During the summer of 2018, the district came back with a plan to make up for what the families had lost: They would hire seven ABA-trained professionals. And they kept that promise. They eventually doubled the number to 14 professionals in the fall of 2018.

According to public records, the district paid $740,000 during the 2018-19 academic year to the health care provider that supplied the ABA-trained professionals.

When the two-hour rule was implemented in late 2017, paraeducators were left to pick up the slack (PPS has 450 of these educators, who are not ABA-trained). They had collaborated with the personal therapists when they were allowed extensive time in classrooms.

Unlike the private therapists, the paraeducators are unionized. They're part of the Portland Federation of School Professionals, a union that includes 1,400 district employees.

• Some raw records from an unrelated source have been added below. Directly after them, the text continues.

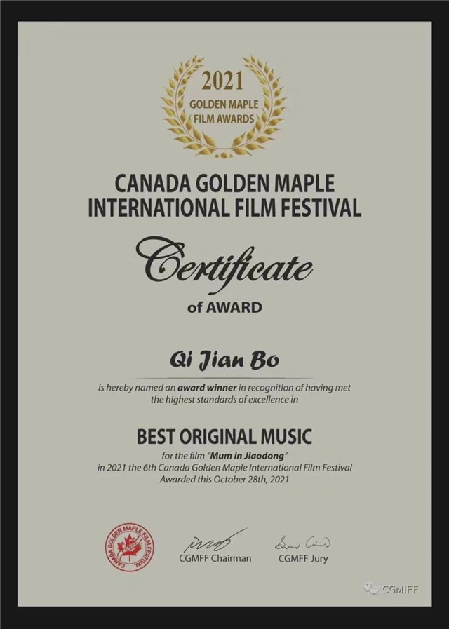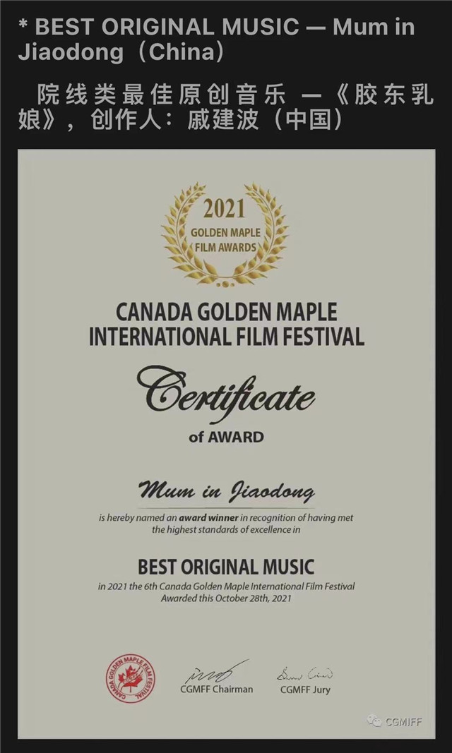 ??????11月5日,第六屆金楓葉國際電影節單項獎獲獎名單揭曉,影片《膠東乳娘》獲院線類最佳影片、院線類最佳原創音樂兩項大獎,其中獲獎的原創音樂由戚建波創作。
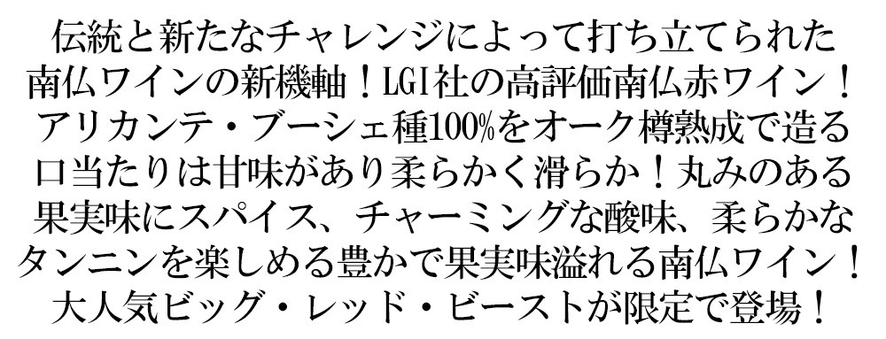 ビッグ レッド ビースト 2023年 IGPペイ ドック ■葡萄品種:アリカンテ・ブーシェ種 100% 3年連続金賞受賞酒! 「ラングドック地方のテロワールを十分に活かす」という確固たる信念のもと、日々変化していくニーズに耳を傾ける。近代的製法を取り入れながら高品質で果実味あふれるラングドックの魅力を発信すべく邁進する造り手。 美しく輝く紫色を帯びた黒色の強いガーネット。熟したブルーベリー、プラムなど黒系果実の豊かな香りに、ラズベリーなど赤系果実のアロマも感じる。明確なスパイスの香りにスミレ、ミネラルと、時間と共に黒系果実のジャム、黒砂糖、バニラ、スモーキーで芳醇な香りが広がり複雑。口当りは甘味があり柔らかく滑らか。丸みのある果実味にスパイス、チャーミングな酸味、柔らかなタンニンを楽しめる豊かで果実味溢れる辛口赤ワインです。
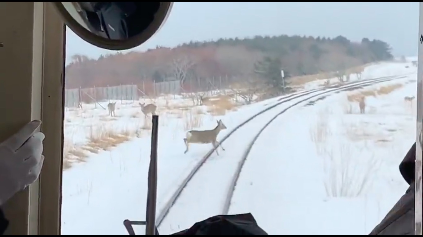 JR北海道・花咲線で撮影された映像。シカがぞろぞろと線路に
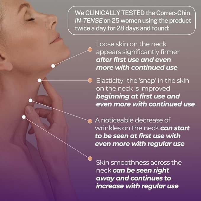 - INSTANTLY feel the skin tensing supportive wrap CORREC-CHIN IN-TENSE treatment provides, increases firmness, elasticity, and skin tonicity. Overtime, see a tighter looking profile with a noticeably lifted appearance to sagging loose skin on the neck, chin and jawline
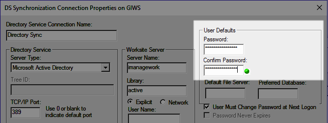 Ao usar a Sincronização de Diretório do iManage para executar sincronização de sentido único automatizada de usuários e grupos do Diretório Ativo para o iManage Work, você deve atualizar a senha padrão para aderir a esses novos requisitos de senha.
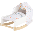 Panenky také potřebují spát! Tato moderní kolébka ve skandinávském designu je genderově neutrální, má oboustranné povlečení a pod velkou peřinou mohou spát panenky a plyšáci do 46 cm. Spodní část tzv. lyže kolébky jsou oddělitelné, stejně jako baldachýn. Vysoce kvalitní, stabilní konstrukce, zaoblené hrany, viditelně ze dřeva... Perfektní hračka do každého dětského pokoje.
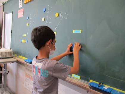友達の考えを聞いて、自分と同じ並べ方を発見したり、前に出て並べたりして楽しく学習しました。
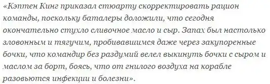 Но этого нельзя было сказать о сливочном масле. И чего только не перепробовали на флоте для увеличения сроков его хранения! Подсоленные куски помещали в соляном растворе в бочках, корабли снабжали топлёным маслом, использовали масло козье и масло овечье – но более месяца-двух хранить его никак не получалось. И очень часто выходило так, как в ситуации, описанной в мемуарах Джеймса Харди Вокса:

Union president Belinda Reagan says labor didn't influence the district's decision to limit private therapists' access to students. "Our paraeducators are incredibly busy in the classroom," Reagan says, "and I don't know that they have tremendous input in any decision."

But Terdal wasn't satisfied. In December 2017, he sued. The Jovanovic family sued in late 2018.

Terdal and the district settled out of court in June 2018. As part of the settlement, the district agreed to dedicate one of the publicly funded professionals full time to Billy. Terdal says all kids need the same level of care as Billy.

Billy and the Jovanovics' son—whose parents had the financial means to pay for an attorney—were granted privileges other kids weren't. Billy's personal therapist still comes in four hours a week and assists him with extracurricular activities.

Courtney Taylor's son Jack (not his real name) was not so lucky. Taylor hired an attorney during Jack's kindergarten year at Woodstock Elementary after she felt the school wasn't fulfilling its legal obligation to provide Jack with appropriate help.

The school agreed Jack's therapist could come with him to school at the start of the following school year, and Taylor says she felt hopeful.

By the fall of 2017, however, the district had set the two-hour limit. Taylor says she knew it wasn't working when Jack came home from school one day and shared he was having thoughts of self-harm. "I didn't even know that he knew that was a thing he could do," Taylor says. "And this kid just turned 7."

Taylor officially pulled Jack from school in August 2018, when she met with administrators and they voted not to let him back into school and described him as "cruel."

Taylor says she couldn't find more money to challenge the district in court again. (She still owes $15,000 in legal fees.) She also didn't want to.

"I didn't feel like I could, and not just financially," Taylor says. "I didn't want to fight that hard to send him where they didn't want him."

She says she plans to move her family to a different state by the end of the year.
"It's heartbreaking, because it's the kids who have money who are getting their needs met," Taylor says. "I spent so much money on what's supposed to be free education."